Hacker News new | ask | show | jobs
No one wants to download apps. Here's what companies need to build instead (instantlabs.io)
29 points by sophiaellis 2297 days ago
5 comments

When we launched https://glideapps.com, we expected to use PWA as a temporary platform as we tested our product theories. The advances Google, Microsoft, and even Apple have made in PWA support since then totally surprised us, and our web-based apps have taken us further than we ever imagined. I've always been skeptical of non-native but I can't argue with what I see every day.
Totally unrelated, but the letter-spacing CSS property is really ruining the readability of the text on that page.
It blows my mind that complex desktop apps-think spreadsheets and image editing--are moving towards the web while every online forum and retailer offers a native mobile app. It's the antithesis of reason.

Complex functionality that doesn't depend on a remote resource belongs in a native app, whether desktop or mobile: Spreadsheet, CAD, word processor, etc. Online shopping, social media, and other content-based services that rely primarily on server-side resources gain nothing from native mobile apps.

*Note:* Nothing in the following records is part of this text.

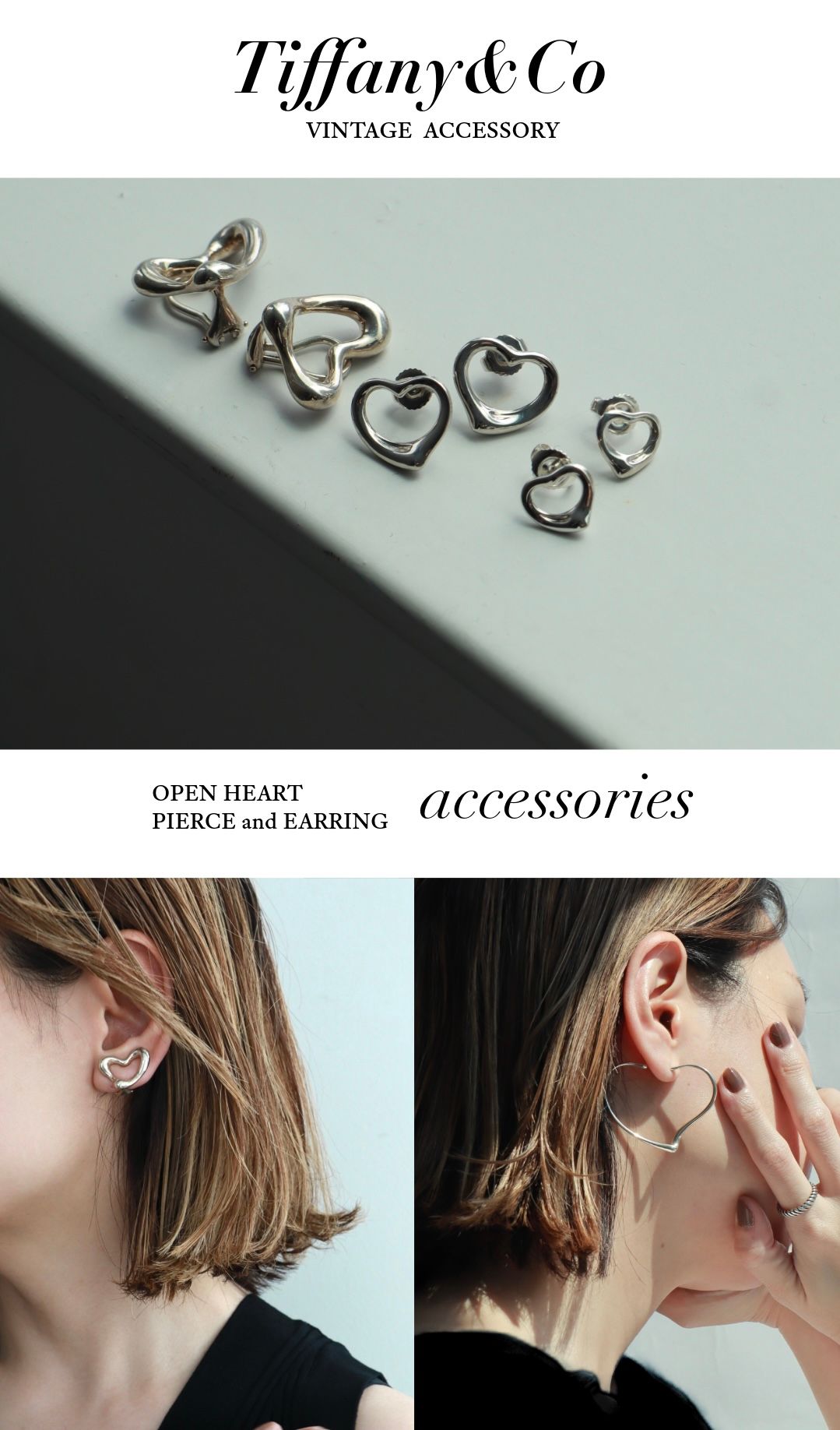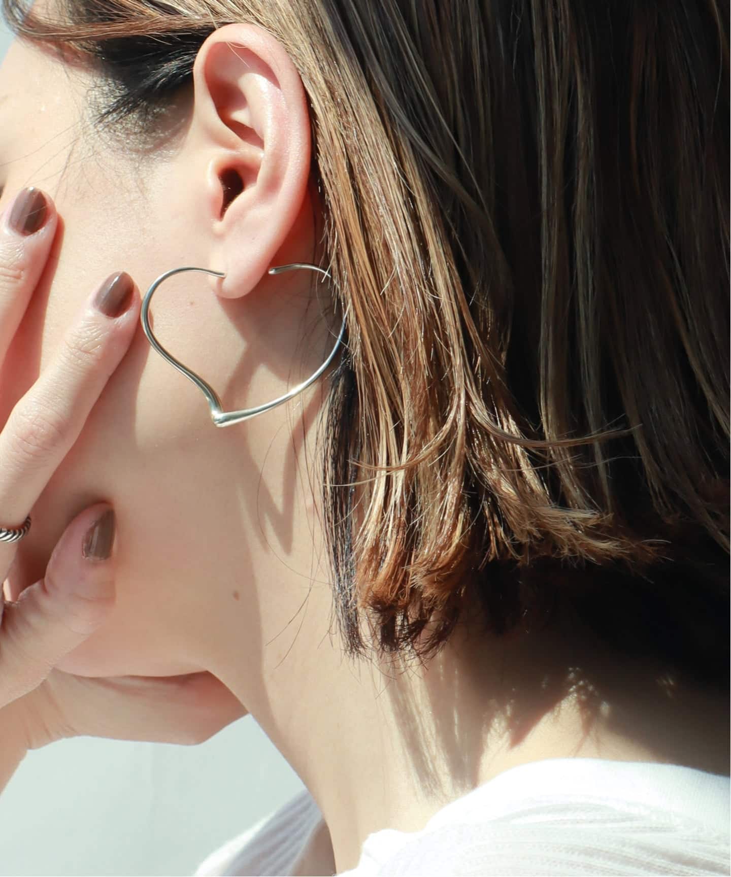 オープンハートのピアスやイヤリングは、甘さではなく、線の美しさで魅せる大人のためのシルバーアクセサリー。やわらかな曲線を描くデザインは、顔まわりに自然と光を集めて軽やかなムードに。
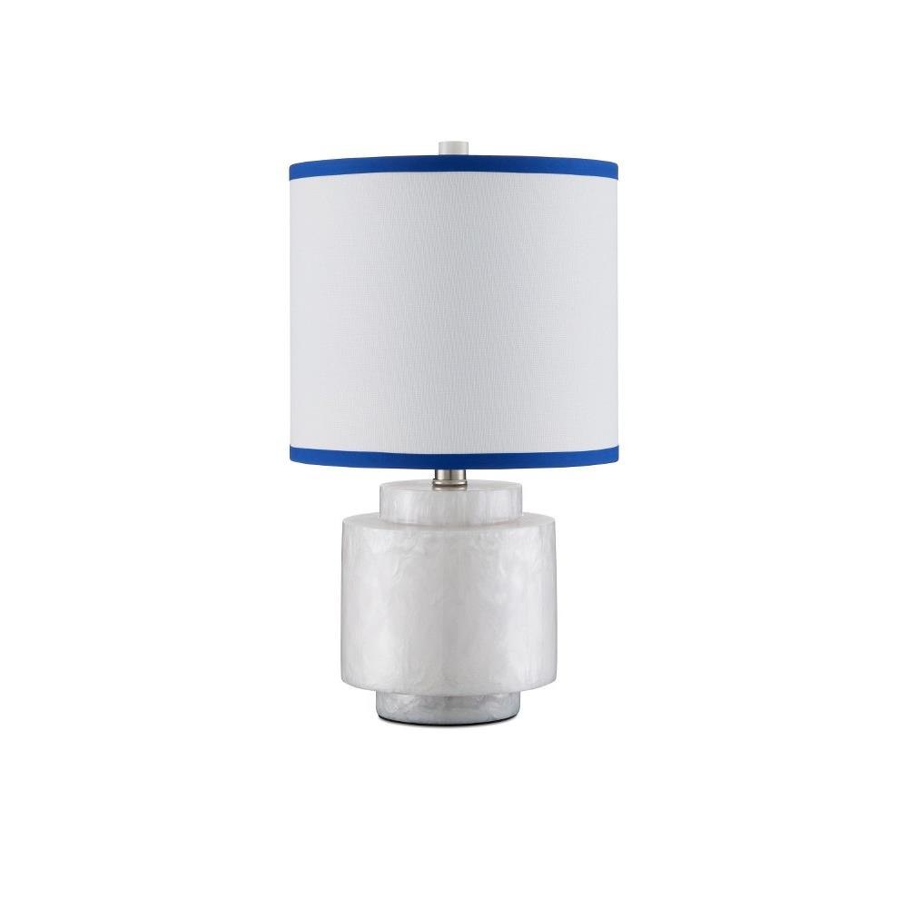 The Beryl Green Table Lamp has a luminous geometric body made of composite with a swirling green patterning throughout its composition. The shape is reminiscent of a 1940s design, which brings it a vintage feel, as does the shade trimmed in a matching green fabric. The scale of the shade is perfectly in sync with the lamp’s round body.
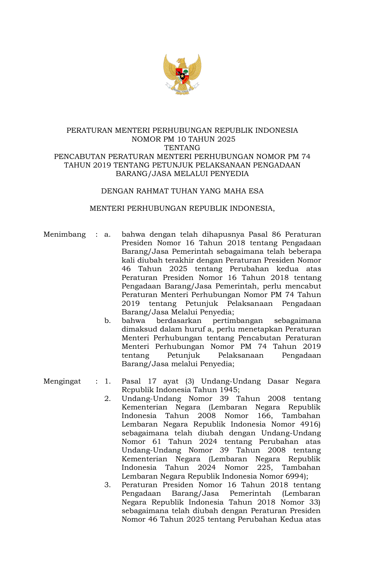 PERMEN Nomor 10 Tahun 2025 | Peraturan Menteri Nomor 10 Tahun 2025 tentang Pencabutan Peraturan Menteri Perhubungan Nomor 74 Tahun 2019 tentang Petunjuk Pelaksanaan Pengadaan Barang dan Jasa Melalui Penyedia
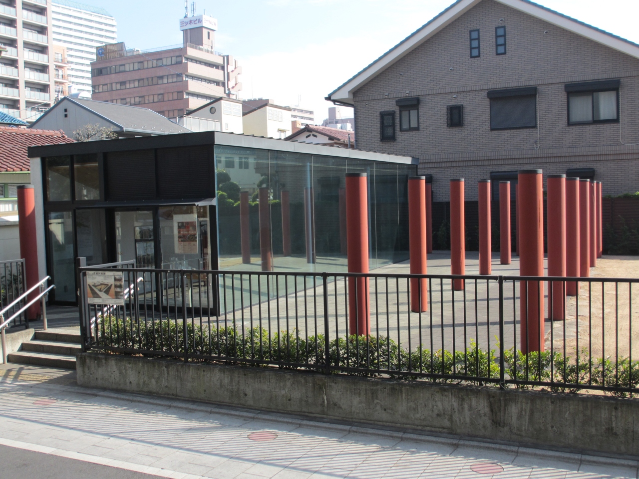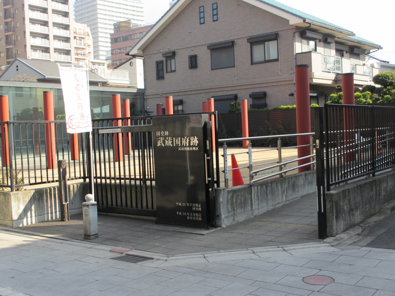 府中駅から徒歩5分の大國魂神社境内にある相撲土俵のそばにあります。奈良時代から平安時代の約400年間武蔵国(現在の東京都、埼玉県、神奈川県の一部)を治めた役所があった所を国府といいます。その中枢の役所群が置かれた所を国衙といいます。この場所と神社に国衙の中枢を構成する建物群が発見されました。朱色の柱はこの建物の柱位置を示します。展示施設内部に発見当時の様子や説明が展示されてます。
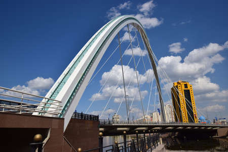Modern architectural urbanistic bridge across Ishim river. Interior futuristic bridge against sky Nur-Sultan, Astana, Kazakhstan. High quality photo
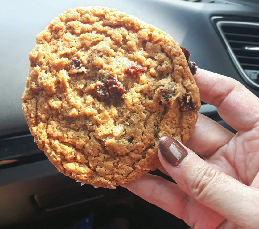 Well it actually turns out that there have been very few cooked raisins for anyone in our family. You can pretty well say it has been a raisin free environment. Thank God(truly) for cranberries. Life has been tolerable. I must admit though it has made me a bit of a raisin warrior. Today, while travelling, we stopped at Timâs for a coffee and donuts treat. There in the case before me I spied the most amazing oatmeal cookies with raisin deliciousness.
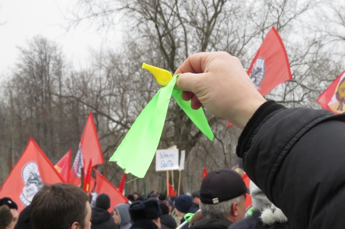 Днем жители пришли в парк и расположились вокруг территории, на которой проходил митинг сторонников строительства. Символом протеста стали зеленые ленты и свистки, которыми граждане регулярно выражали протест против превращения ныне общедоступного парка в огороженную стройплощадку, а затем и в огороженное храмовое подворье.
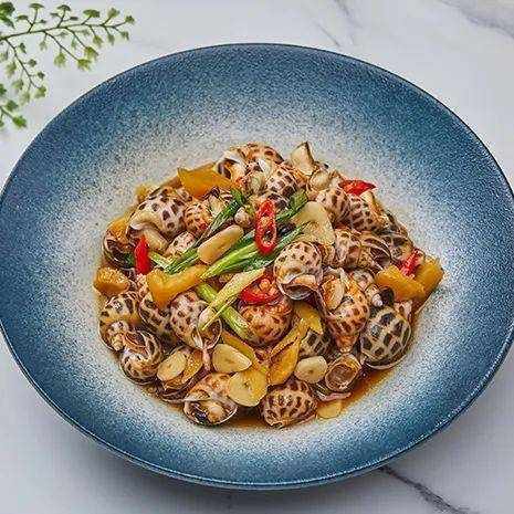 3.锅入底油,爆香小料加入菜圃,加入调味料煮开,放花螺加盖煮1分钟;
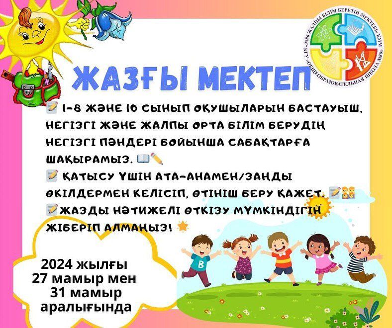 Жазғы мектеп 2024 жылғы 27 мамыр мен 31 мамыр аралығында және ағымдағы жылғы 26-30 тамыз аралығында жұмыс істейтін болады. Жазғы Мектепте сабаққа қатысу өтініштер негізінде ата-аналармен / заңды өкі…
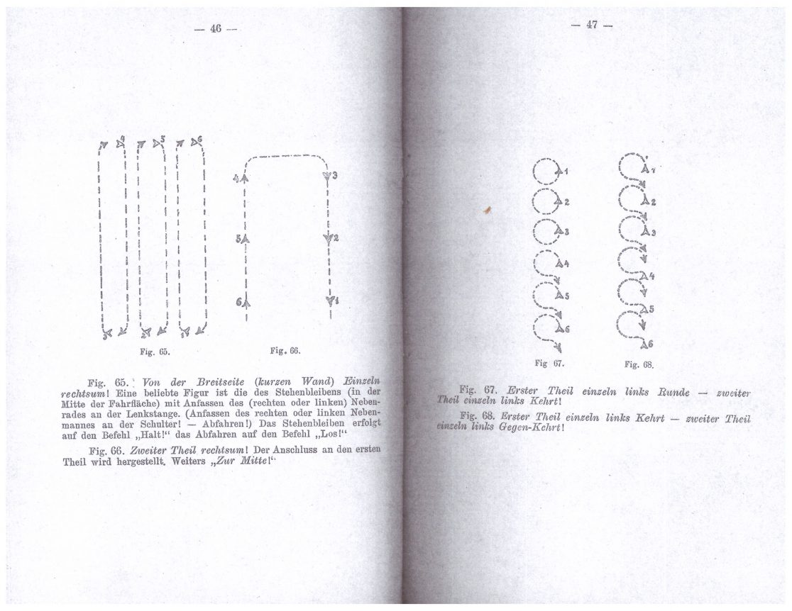 Das künstlerische Team bestehend aus der Medienkünstlerin Conny Zenk, der Radreigen-Expertin Petra Sturm und der Komponistin Rahel Kraft und Veronika Mayer, transformiert Zeichnungen bzw. grafische Formationen von Josef Adametz zu klanglichen Partituren. Radreigen war eine um die Jahrhundertwende populäre Radkulturform, in der Tanz-, Turn- und Paradeelemente mit dem Rad umgesetzt wurden. Ausgeübt wurde das Reigenfahren u.a. in Turnhallen oder auf Plätzen in ganz Wien. Originale Skizzen und Zeichnungen von Radreigenanordnungen werden auf ihre musikalischen Spielbarkeiten untersucht und sind das Ausgangsmaterial für eine grafische Notation. Im Projekt wird eine Übersetzung dieser Formationselemente in experimentelle und elektroakustische Musik versucht. Formale und lineare Strukturen wirken in die Musik ein und umgekehrt, als Transmissionsvehikel für diesen Prozess dient das Fahrrad. Das relationale Spiel mit Körpern, Formationen, Routen, Rädern und Musik ergibt eine eigene visuell-akustische Choreographie.
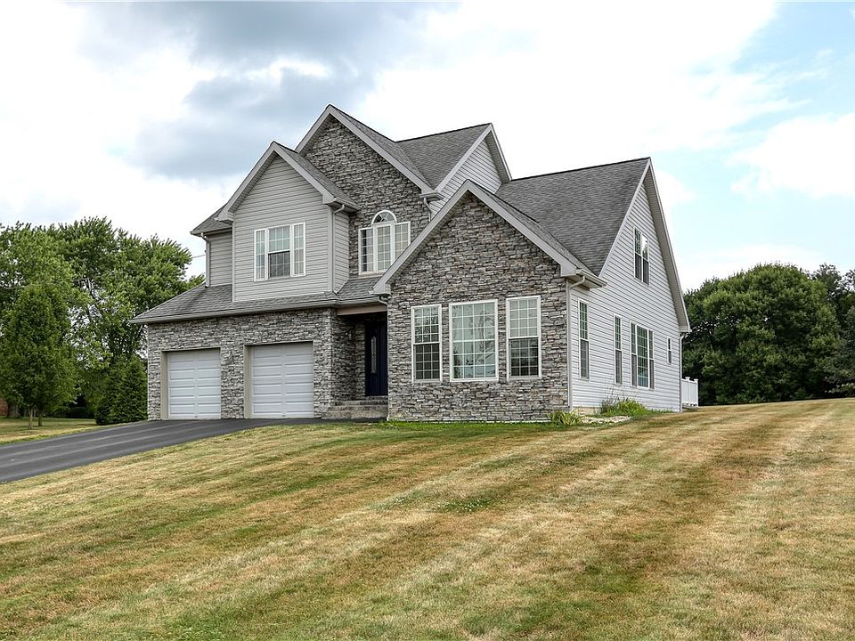 This three-bedroom, two-story house with a coveted main floor primary suite, was built in 2010 and rests on an acre of level land in New Sewickley Township, just ten minutes from Zelienople with easy access to I-79 and Cranberry Township. The 66-panel solar ground array comes with the property and is warranted by Solar Revolution in Erie, PA. The eat-in kitchen features a sliding door to the back patio, an electric range with two ovens, stainless steel appliances, garbage disposal, and a large pantry. The bonus room on the second floor could be used as a fourth bedroom. The basement has high ceilings, a large finished family room, an unfinished area for storage and laundry area, a workshop area, and a Bilco door for outside access.
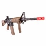 O M4 Black/Tan SA-CO3 possui o flash hider em metal vermelho, oferecendo ainda mais beleza no acabamento da arma, além claro, de ser obrigatório em armas de airsoft, que precisam da ponta laranja ou vermelho, conforme a legislação vigente.
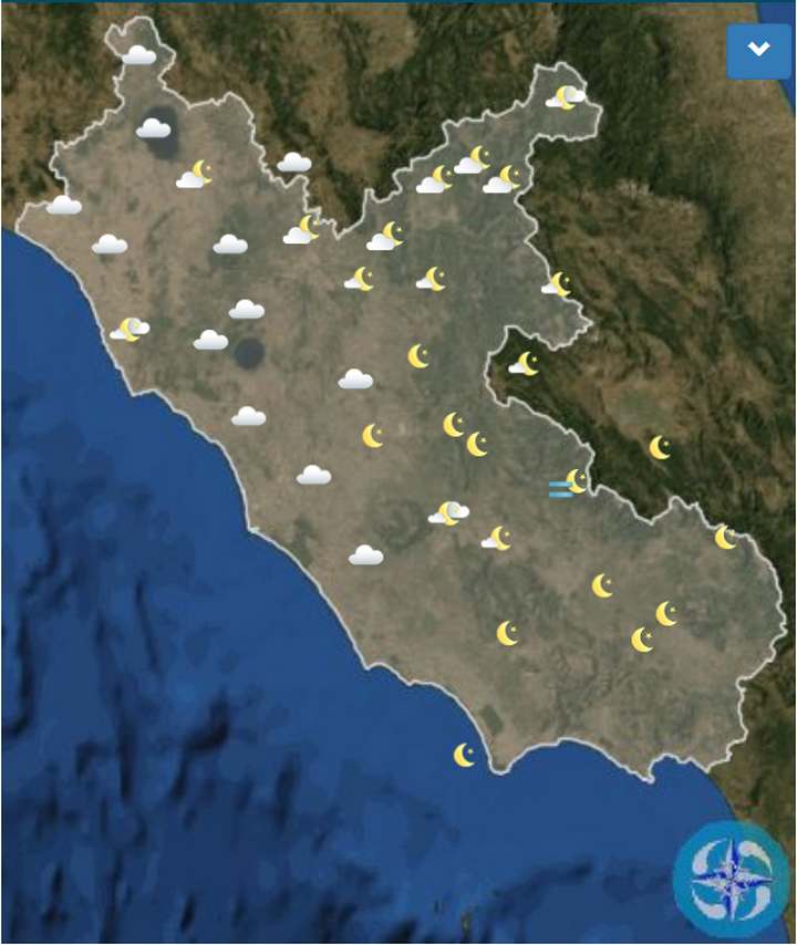 In provincia di Latina: al mattino Nuvoloso con locali aperture, al pomeriggio Nuvoloso con locali aperture, la sera Coperto con pioggia debole intermittente, la notte Coperto con rovesci intermittenti.
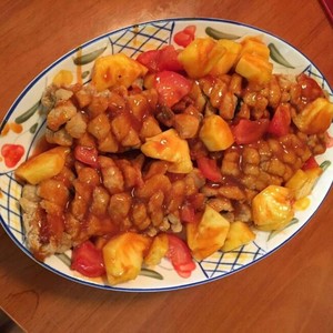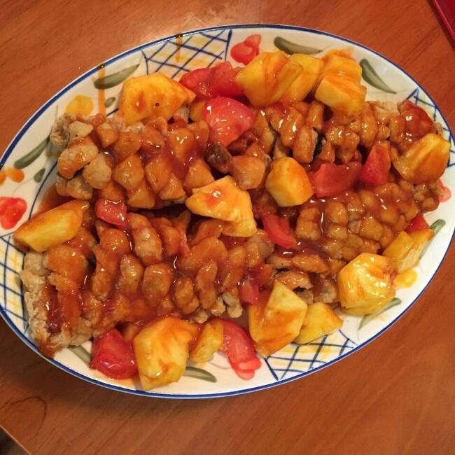 锅里的油盛出,不用洗锅,生粉加少许水混合,番茄酱,醋,生粉水,糖,倒入锅中烧开,等待酱汁变浓稠,再加入菠萝,番茄,快速翻拌,淋上摆好的鱼上即可
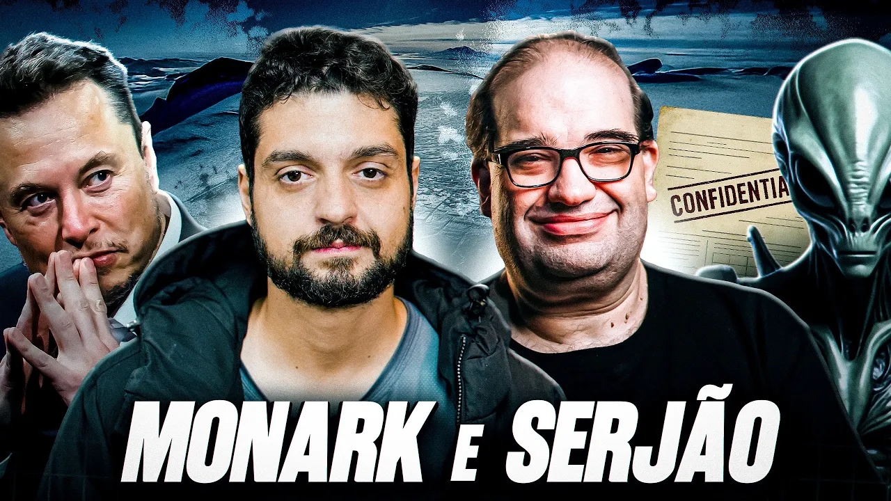 super chat, que no final a gente lê as perguntas da galera. Boa. >> Eu tenho um vídeo para mostrar, hein, que eu vou defender o Monarca agora, ó. Põe o vídeo aí pra gente aí, Gabriel. >> Quero que você me explique isso, Serjão. >> Ixe, lá vem. >> É, essa, essa é novidade. É a parte nova. >> Hum. >> Pelo menos para mim, né? >> Parte nova do quê? >> É da das teorias. Exatamente. Sobre alienígenas. >> Vamos lá. Põe aí. >> Então, eu também fico pesquisando. Fica aí na trás. É um assunto interessante mesmo.
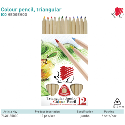 Colour pencil, jumbo triangular ICO HEDGEHOG 12 kom u pakovanju, 10,4 mm
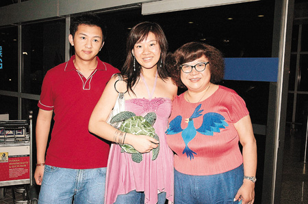 肥姐前晚坐輪椅由機(jī)場(chǎng)人員推出抵港大堂,欣宜緊隨其后,李寶麟則負(fù)責(zé)推行李,盡顯男士風(fēng)度,肥姐一出閘眼見(jiàn)有記者即面露不悅,她坦言﹕“好不開(kāi)心,整個(gè)行程都被人(狗仔隊(duì))跟住﹗”眾人隨即步往停車(chē)場(chǎng),欣宜和男友十指緊扣,顯然經(jīng)過(guò)新加坡之行,兩人感情又更進(jìn)一步。
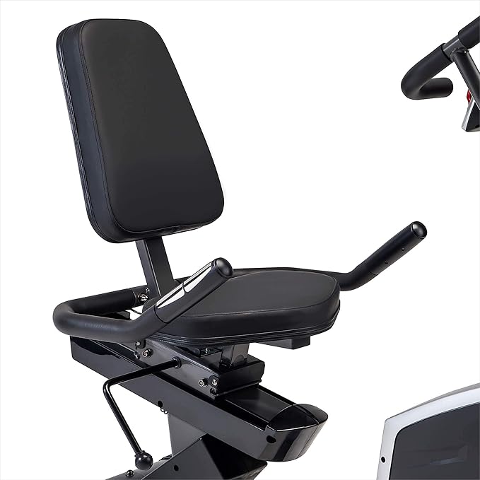 - Designed to provide ample space for the legs, this bike boasts an adjustable padded seat to accommodate most users | Its lever-based System allows quick adjustment of the seat even while seated
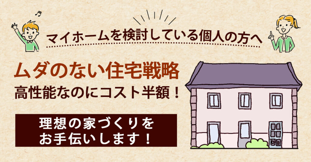 マイホームを検討している個人の方へ “ムダのない住宅戦略”で高性能なのにコスト半額 理想の家づくりをお手伝いします!
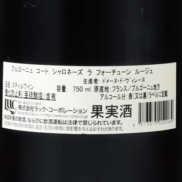 ブルゴーニュ・コートシャロネーズ・フォルテュンヌ 2015 / ドメーヌ・ド・ヴィレーヌ
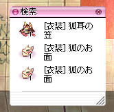 衣装狐のお面が欲しいとずっと思ってるけど、あれは昔のイベント配布だったらしくて入手手段がないのよねぇ……
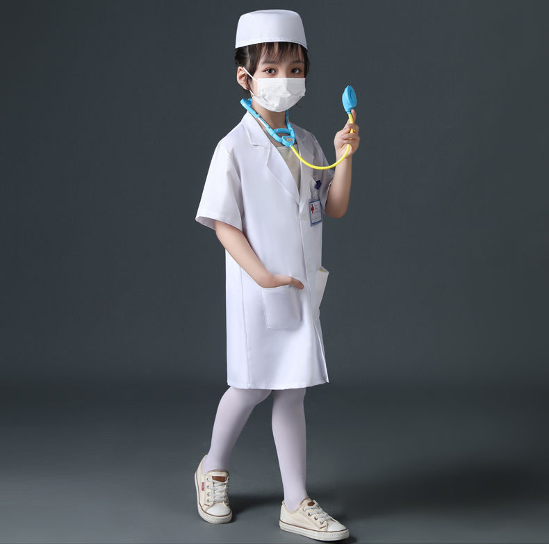 어린이 의사 간호사 정장 과학 실험 흰색 코트 의상 3-6 세 직업 놀이 집 역할 놀이 의상

If nobody wants to download apps, that's kind of an admission that walled garden is fundamentally flawed. Walled gardens surely benefit their owners, but for the rest of us? I'm unsure.
The value, as I see it, in a native app for an ecommerce company lies in personalized push notifications (transactional and marketing). However, encouraging users to download an app solely for that purpose seems like an impossible task.

I'm of the mind that holistic "let the customer decide" approach is best. Have a very solid strategy for a PWA, native app, and your marketing/notification funnel. As long as the opportunity cost of developing and maintaining an app isn't prohibitive....

The value proposition of downloading the app (in the ecommerce space) only makes sense if I'm regularly purchasing from you. And the only retailer that large might be Amazon. Anything else that's niche, I'm not buying all that frequently.